Trading in this Technicals-Driven Market
The Dow closed slightly higher on Tuesday's trading, while the S&P and Nasdaq both finished marginally down on a slightly strengthening dollar and weakness in financials arising from Senator Dodd's proposed financial regulation. There are murmurs in the market that the market's upward momentum in exhausted, while others predict strength in equities through the end of the year.
So in this manic market, what are the big stories moving stocks and how do you play them?
Word on the Street
After Monday's big move, Tuesday's relatively flat day had mixed reactions from Wall Street. Guy Adami, who has been critical of the market's rally for some time, points out that there was a lack of volume in the day's trading, although the price action was encouraging.
Pointing out that the market is now about the 50-day moving average, Tim Seymour suggests that it may be time for the market to take a breather, but also highlights overnight reports from China - retail sales, exports and PPI - that may stand to push commodities higher with a net-positive effect on the general market.
"There are no fundamentals right now that drive the market," adds Joe Terranova, "It's all about technicals." The last time the S&P challenged 1,100, it came back down very quickly with a lot of obvious resistance. We are without that obvious resistance right now, he says, suggesting that this technical level is set to be broken at some point this week.
Pete Najarian has seen trading ranges in numerous parts of the market, including copper , oil and the major indexes, but right now traders are looking for something tangible to push things higher. He was impressed that Tuesday's trading session saw no unwarranted sell offs, and believes that if the market breaks through the 1,100 technical level, there could be an "explosive" move to the upside.
Another space that has been all the buzz in the past few trading sessions has been the retail industry, which saw the S&P Retail index hit a new 52-week high. Which companies in this space are ripe for profit? Tim Seymour sees it being a little rough for retailers, who have positioned themselves well on their balance sheets but may suffer from weak consumer demand. He points out that Amazon.com is unattractive on valuation, while names like Wal-Mart may benefit from some defensive movement if the market edges lower.
Although financials had a rough trading day, there were bright spots, including Jefferies and Lazard which are closing in on technical levels but can be bought on dips, says Guy Adami, who also has been a buyer of Raymond James , which hit a 52-week high today.

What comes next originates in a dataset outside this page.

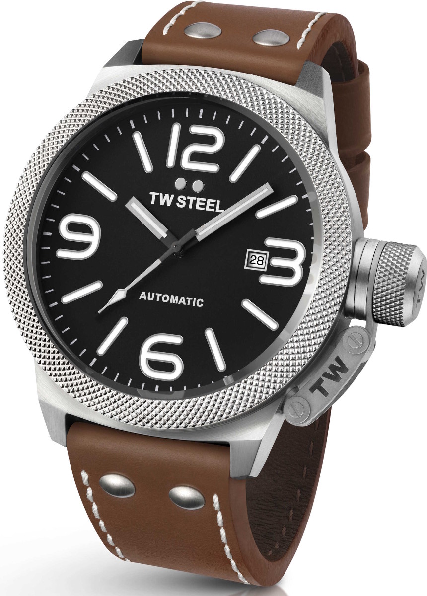 Miesten TW Steel automatic TWA955 rannekello. Rungon leveys on 50mm ja valmistettu ruostumattomasta teräksestä. Nahkarannekkeen leveys on 22mm. Runko on väriltään hopea/harmaa ja ranneke ruskea. Kellossa on myös päivyri. TW Steel kelloille myönnetään 2 vuoden takuu ja ne toimitetaan valmistajan alkuperäisessä rasiassa.

"The best-of-breed names are the strongest names," adds Joe Terranova, who suggests Apple, Google and Goldman Sachs which he expects continue their upward momentum.
First Sub prime Verdict: Not Guilty
The story of the day had to do with the story of the year: sub prime mortgages. With two Bear Stearns fund managers found not guilty on all 9 charges of securities fraud, wire fraud and conspiracy that cost investors an estimated $1.6 billion, does this mean that all sub prime crisis prosecutions are doomed to fail? What will this do to market confidence?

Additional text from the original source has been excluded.